The dog follows her downstairs, and everything smells like lemon cleaner. Mom’s done her usual wipe job on the kitchen, hiding any evidence at all that something went wrong last night. The blood splotches are long gone, as are the beer bottles in the recycling bin. Only the marks of the aluminum bat remain, pockmarking the bathroom door and denting the wall beside it. That damage isn’t so easily erased. They took the bat away as evidence.
“Morning, honey.” Her mom smiles from one of the barstools at the kitchen counter, and Ella pauses. There’s something different about her mom besides the fact that her face and neck are mottled with bruises and bandages.
She’s…relaxed. Her smile is genuine. Ella realizes that for the last several years, her mom has been tense, like a human fist, her shoulders up around her ears and little lines of tension crumpling around her eyes and mouth. But now she looks like a mom in a commercial, like she always looks on their first day at the beach, before Dad starts growling and Brooklyn starts whining. She looks…well, if not happy, then as close as she’s been in a while.

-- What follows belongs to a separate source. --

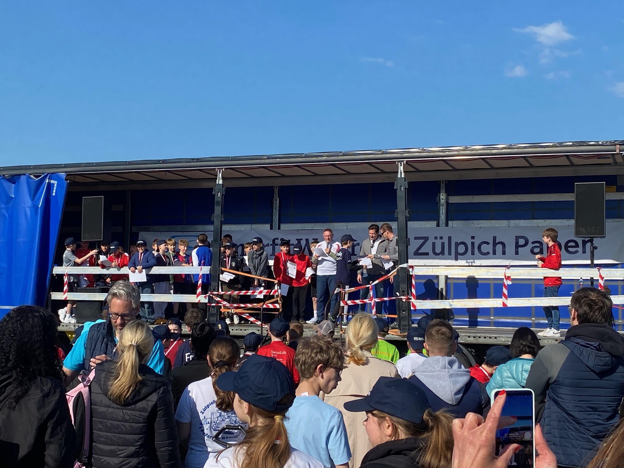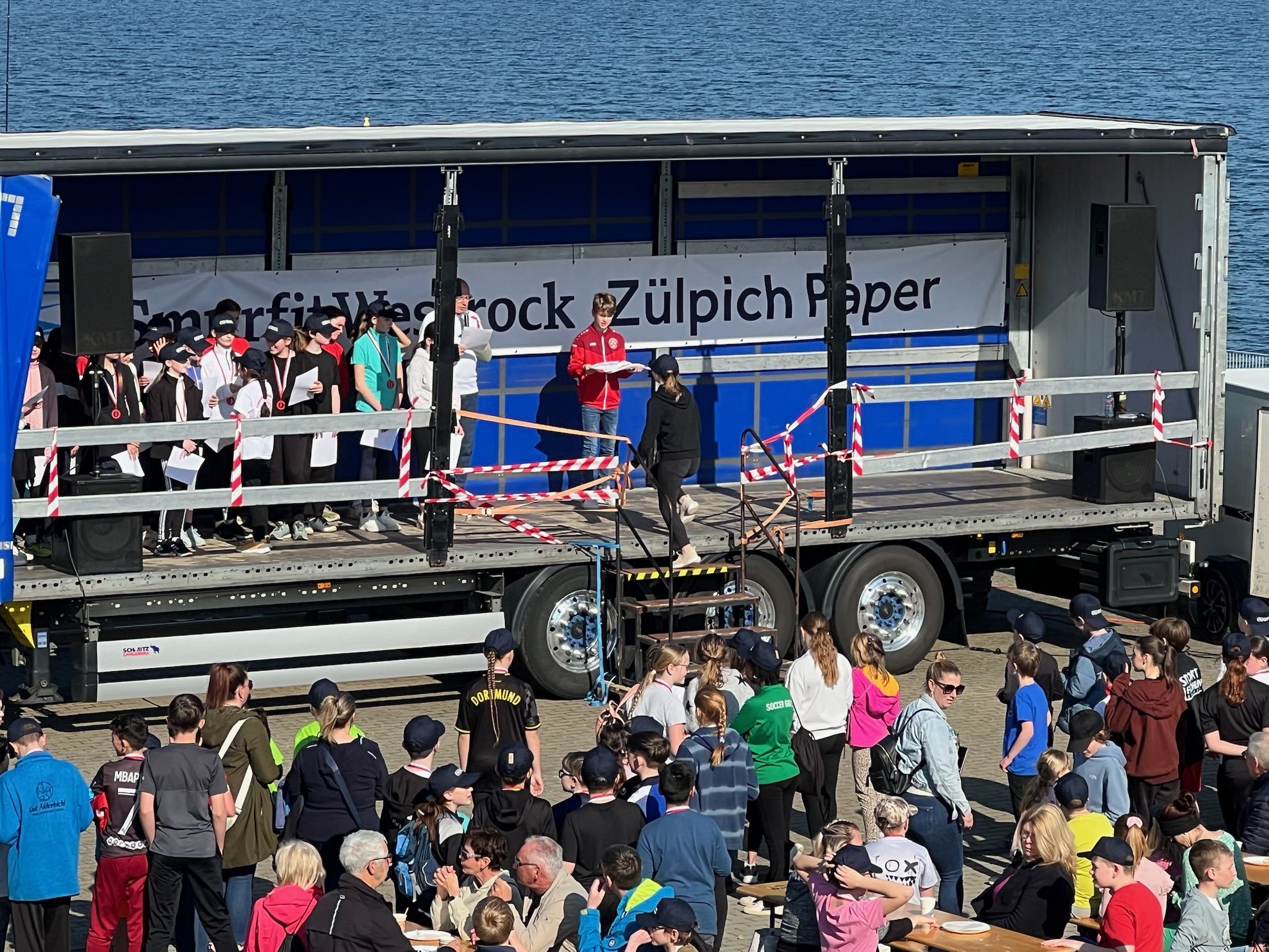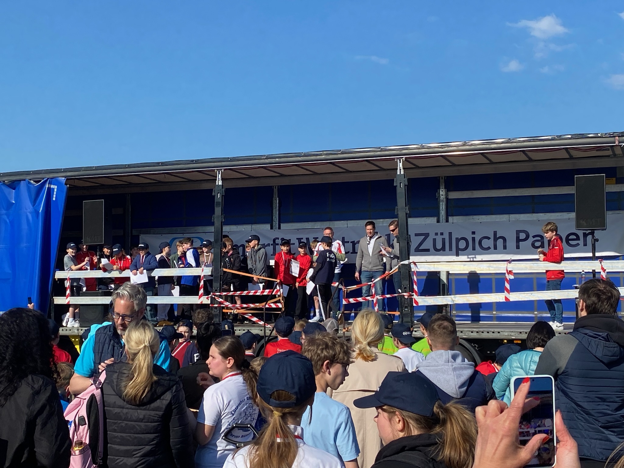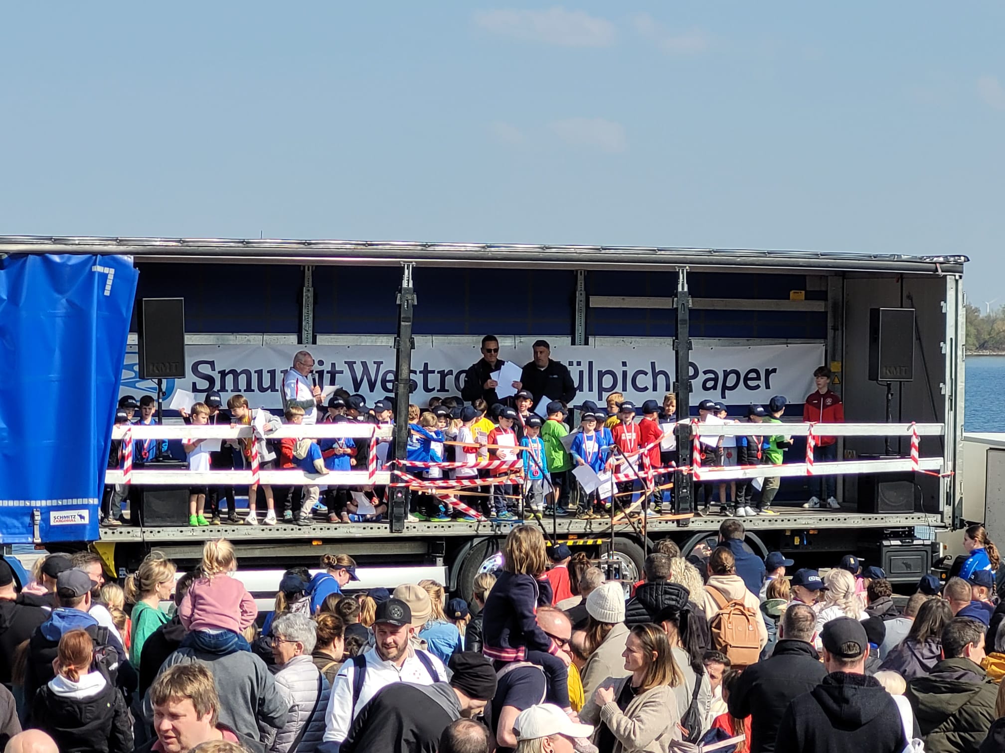 Unser besonderer Dank gilt unserem Hauptsponsor Smurfit Westrock Zülpich Paper. Ebenso schätzen wir die wertvolle Unterstützung durch die Seepark Zülpich GmbH, das Lago Beach Zülpich, die Dost Hörgeräte Zülpich sowie Kreissparkasse Euskirchen sehr. Ein herzliches Dankeschön geht auch an die Reinold Transporte GbR für die Bereitstellung des LKWs und an die Launhardt GmbH, die als Zülpicher Spezialist für 3D-Druck die Finisher-Medaillen bereitgestellt hat. Ein großer Dank gilt darüber hinaus der Stadt Zülpich, insbesondere den Bereichen Wirtschaftsförderung und Ordnungsamt, für die gute Zusammenarbeit. Ebenso bedanken wir uns beim Deutschen Roten Kreuz (DRK), bei den vielen freiwilligen Helferinnen und Helfern sowie bei allen, die mit Kuchenspenden zum Gelingen beigetragen haben. Ganz besonders freuen wir uns über die engagierte Teilnahme der Zülpicher Schulen und Kindertagesstätten: Rund 920 Kinder und Jugendliche im Alter von 3 bis 15 Jahren konnten wir so auf die Strecke schicken und sicher ins Ziel begleiten.

Ella smiles back, a little tentative. “Hi. How are…I mean…” God, the right words don’t exist. “Are you okay?”
Her mom’s fingertips brush her jaw, where the biggest bruise is. “I’ll be okay.” Her brows scrunch down, the tension back. “How about you? That must’ve been scary.”
Ella’s fingers now hover around her own biggest bruise, and she’s about to answer honestly when she remembers that her mom doesn’t even know what happened to her in the parking lot with Hayden—she lied about that. Her mom is asking something else entirely.
To think: Two huge, earth-shattering, terrifying things happened yesterday, and yet here she is at the breakfast table, pouring a bowl of Cocoa Pebbles. And here the earth is, not shattered, everyone outside their house just going on as usual. Well, except for the new pandemic.
But her mom is asking about last night, and she’s waiting for an answer as Brooklyn happily munches and watches a cartoon on her tablet.
“Yeah, it was scary. Dad’s never…I guess…he hasn’t done that before, right?”